This post was first published in my “Driving IT Productivity” column on CIO.com and has been updated from its original form.

A Productivity Cocktail ™ is the unique combination of productivity tools, techniques and best practices that maximizes your organization’s efficiency and provides the largest amount of time, money and resources for use in other business initiatives.

When it comes to organizational productivity, there is no silver bullet or one-size-fits-all solution.  As a result, the pursuit of enhanced efficiency is truly a combination of art, science, trial and error, and ongoing continuous innovative improvement.  That said, there are definable operational categories that can help you identify the productivity activities that will help drive your team’s performance.

These categories, described in detail in my upcoming book “Productivity Driven Success”, can help you identify areas within your company where potential operational and personal efficiencies can be found.  These categories are;

Creative Delegation:
Smart delegation is the concept that assigning tasks to your staff should be much more than simply handing out work assignments.  If done with thoughtfulness and holistic purpose, it can not only get the work done, but it can also increase team morale, reduce employee attrition, provide training, increase productivity, build your management bench strength and free up some of your day to perform other meaningful tasks.  These lofty goals can be achieved by assigning tasks strategically from a talent management perspective in addition to standard operational necessity.

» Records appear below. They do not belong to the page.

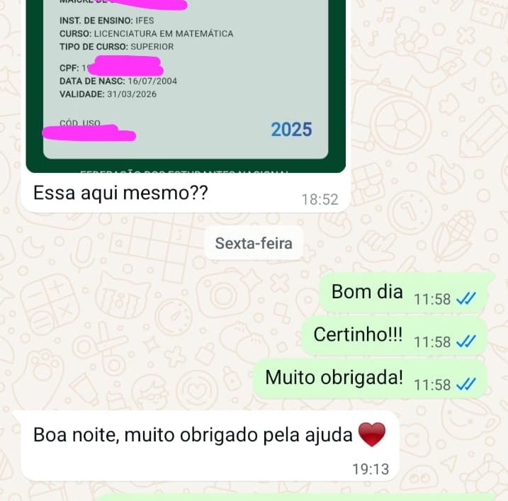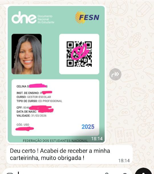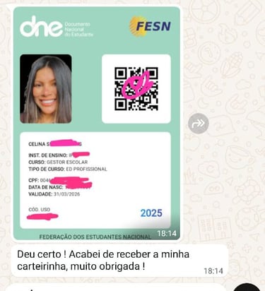 Depois do pagamento, basta enviar seu RG e comprovante de matrícula para finalizar a emissão do seu DNE Digital.
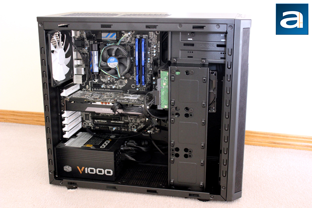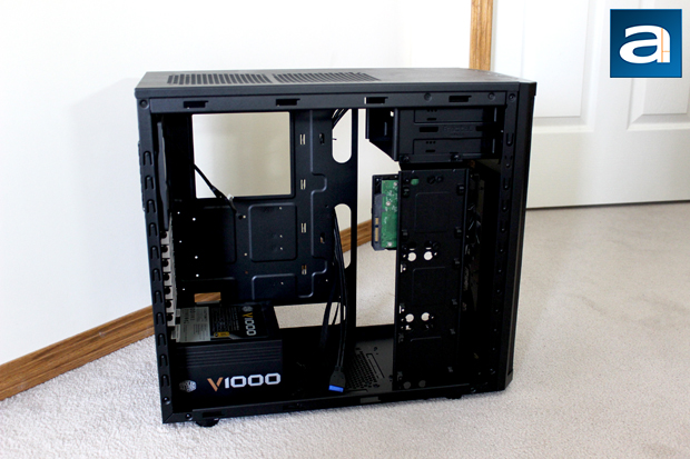 As I have done with every case I have reviewed in the past, the first thing on the list is to install the power supply into the Fractal Design Core 3300. Of course, this is quite an easy task, as my Cooler Master V1000 1000W fit in the spot quite easily. One thing I did notice was how much space I still had, and it just proves to show how wide the Core 3300 is. Normally, I would install the motherboard next, but since the vertical bracket is just crying out to be tested, I threw my Western Digital Caviar Blue 1TB onto the backside of the bracket. With the included flat-head screws, the hard drive fit easily onto the bracket. Never did it feel flimsy, but instead it was very sturdy. Overall, the bracket was easy to use, but I think most users will still prefer the traditional tray, especially when it means they can slide their drives in and out.
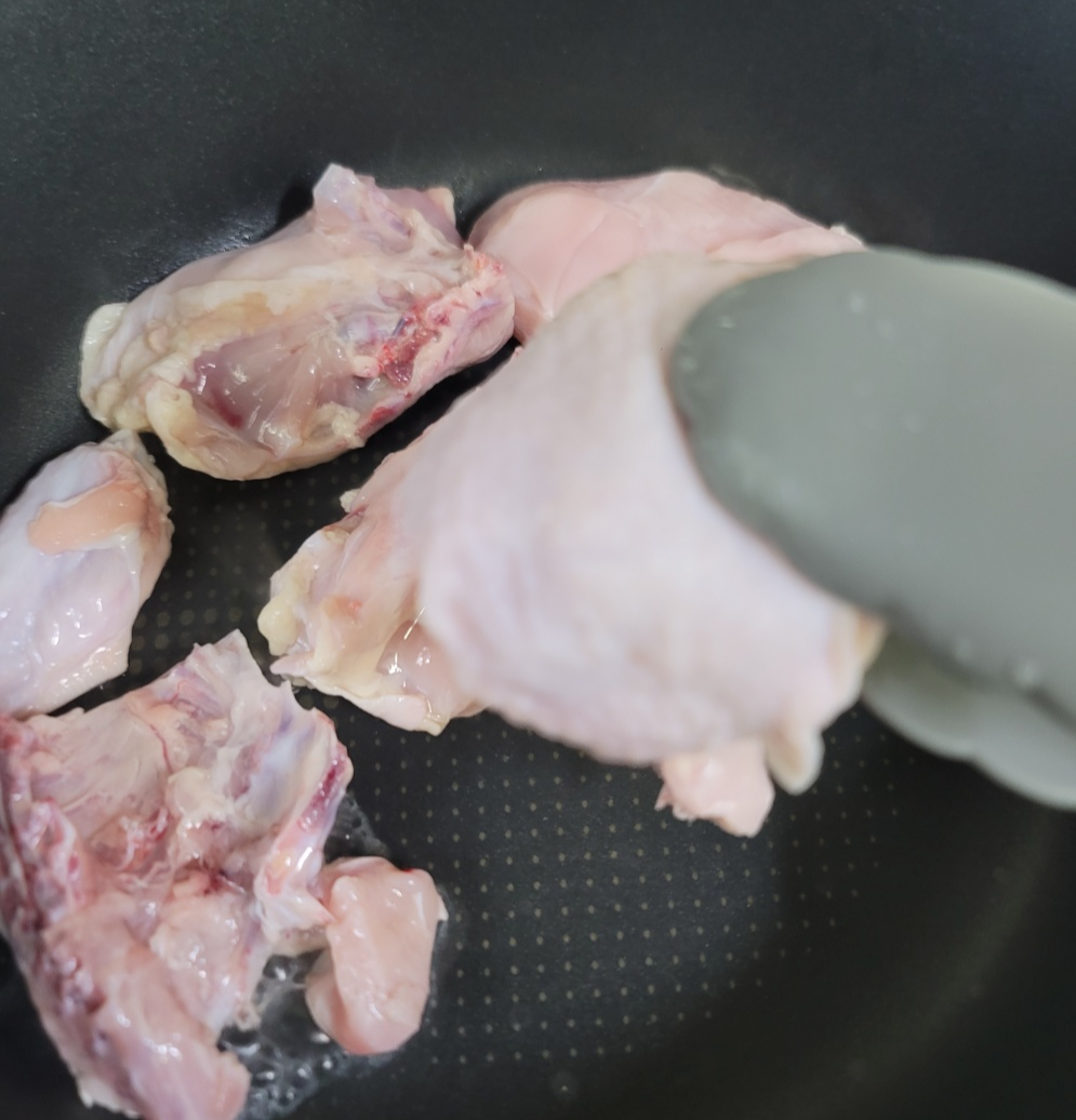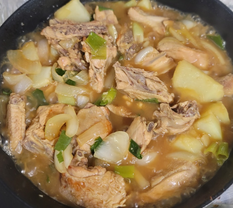 이대로 먹어도 맛있겠지만 당면을 위해 물을 넣어줍니다. 물은 닭고기가 위로 빼꼼할 정도로만 넣어주세요. 손질해 둔 대파, 양파, 감자를 넣어줍니다. 뚜껑을 닫고 강불로 6분 끓여줍니다.
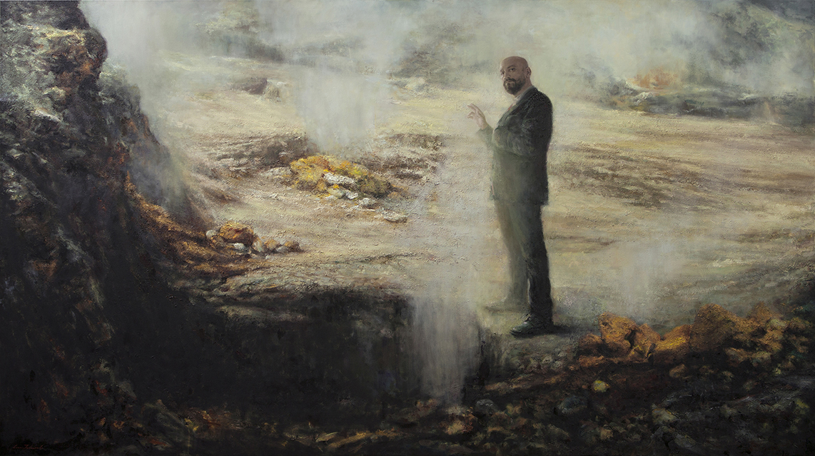 For me, this initial view looks mysterious and dark, Italian Mafia meet Turner. It also reminds me when I first met my husband and he said something along the lines of, follow and see how deep the rabbit hole goes. Perhaps this is what he is saying here, though there is more of a sense of foreboding in the painting which wasn’t true in our life. The contrast between the dark depths of the pit below his feet and the white misty landscape behind is stunning. The likeness to my husband is remarkable it looks like a photograph of him. I want to take a closer look so I really hope I can see it in the flesh on day.
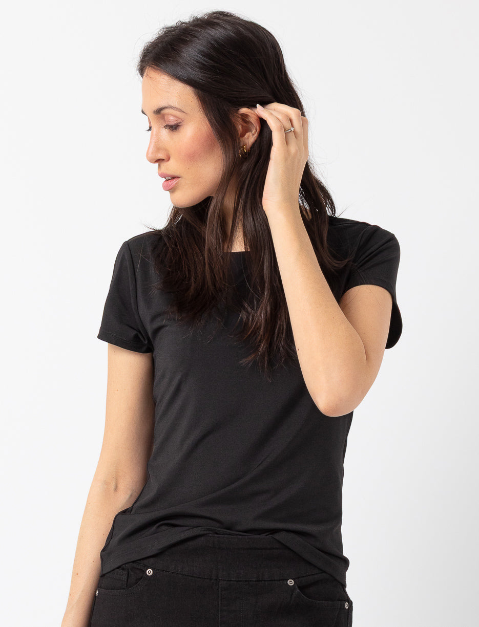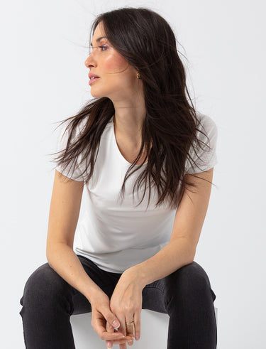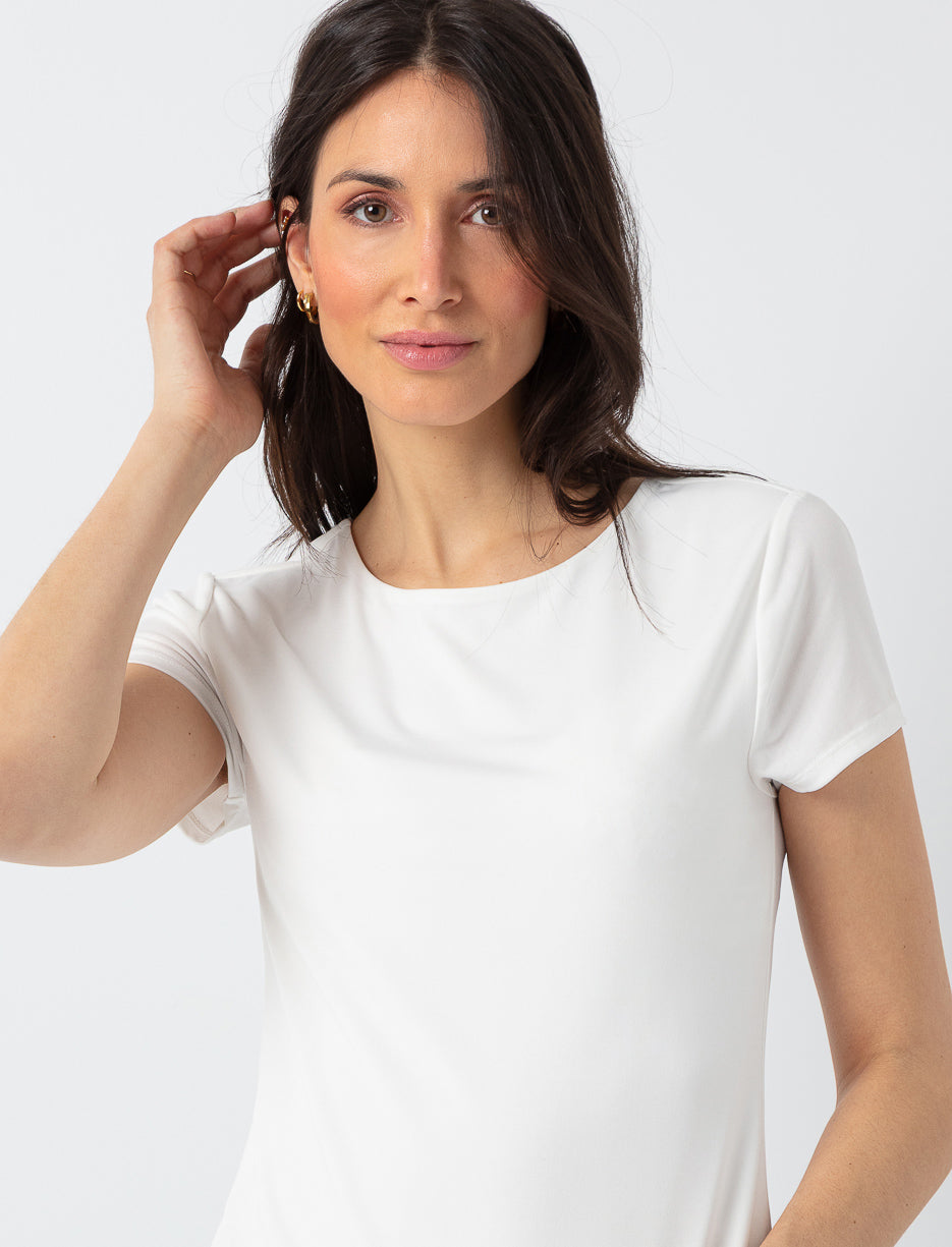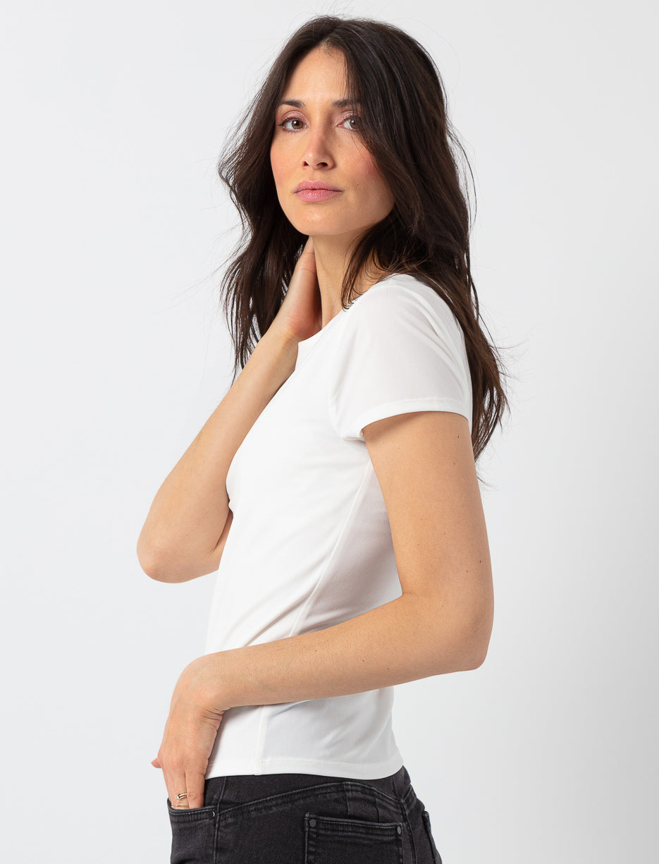 A versatile essential with all-day comfort. This fitted T-shirt hugs the body gently and pairs effortlessly with anything from jeans to blazers.

Ongoing Process Improvement:
Enhancing business and technical processes is an important and long-lasting way to increase organizational productivity.  The reason is, by definition, processes are tasks that are performed on an ongoing basis.  Thus, enhance the process once and benefit from its enhanced efficiency again and again.   Process enhancement should be viewed as not only short term cost savings for today, but also a long term investment in your company’s future profitability.

 Communication Efficiency:
As time moves forward, it seems there are more and more ways for employees to communicate with each other, their customers and their vendors.  These communication mediums are divided into two types, synchronous and asynchronous.  Synchronous refers to communicating live with one or more people. Examples include face-to-face, phone, texting and live webinars.  Asynchronous refers to communicating with others at different times using tools such as email, discussion boards, and social media.

The issue is that when any one medium is overused or not used correctly, it can become a major drag on organizational productivity and even hinder internal communication.  For example, simple best practices coupled with the right organizational culture can reduce the hours of time spent writing long emails that will not be read, when a two-minute phone call could have solved the problem.  This and other similar corrective actions can harvest remarkable time saving results.

Knowledge Storage and Transfer:
This is the collection and distribution of internal corporate knowledge.  All too often crucial corporate knowledge is lost when contracts leave after finishing their assignment or when key employees retire.  The right business processes can help retain this valuable information. On the other side of the coin, when employees join a company, move internally or get promoted, the faster they can get up to speed on their new role, the more quickly they can become fully productive.  The right onboarding, training and educational process can reduce learning curve, thus, enhance productivity.

Time Management:
Organizational time management is a combination of individual productivity and organizational productivity.  Individual productivity is important because, in the aggregate, it enhances your team’s overall work throughout.  Organizational productivity goes beyond the individual and analyzes how departmental prioritization, complementary task assignment, and smart delegation can be used to orchestrate organizational activities in a way that maximizes overall efficiency and throughput.

Asset Reuse:
At a high level, asset reuse is the repurposing of intellectual property, software, physical devices, business processes and other similar company assets.  This is an extremely powerful and valuable productivity enhancer.  I say this because it helps you to get more value out of the items you already own.  In effect, you’re getting additional value for free. A favorite IT example of mine of this activity is that the same source code library tool used by software developers to store and manage their source code can be used by the Help Desk to keep track of the operating system builds placed on newly purchased PCs, laptops, tablets and phones.

Intelligent Meeting Management:
Meetings are like dentist appointments.  You know they’re good for you, but just as you walk into the room you can think of a million things you would rather be doing.   Meetings are expensive in regard to the time they take and, thus, the opportunity cost they incur.  In addition to the standard cast of meeting productivity characters, such as strong agendas, timekeepers and finite invite lists, you should also calculate a meeting’s cost, based on the compensation of the employees attending.  After the meeting, mentally perform an ROI analysis to see if the meeting’s outcome was worth the money.  These simple mental gymnastics can help you and your staff maximize meeting effectiveness and simultaneously minimize their cost.

Leveraging the Zone:
We have all felt it.  Being in the zone is when you are mentally clear, highly focused on a specific task, physically able to perform the task, and motivated to perform it.  It’s a wonderful thing.  The task itself could be writing a great presentation for senior management, playing a great game of basketball or cleaning your garage.

Zone-based prioritization is the managerial process of assigning tasks and scheduling group activities (such as staff meetings) based on trying to maximize individual and team productivity by anticipating and facilitating the ultra-productivity that can be achieved when in the zone.

In closing, given your specific industry and organizational size, there are very possibly other broad categories of potential productivity enhancement.  Use this blog as a beginning, rather than an end-all, in driving your organization’s future productivity.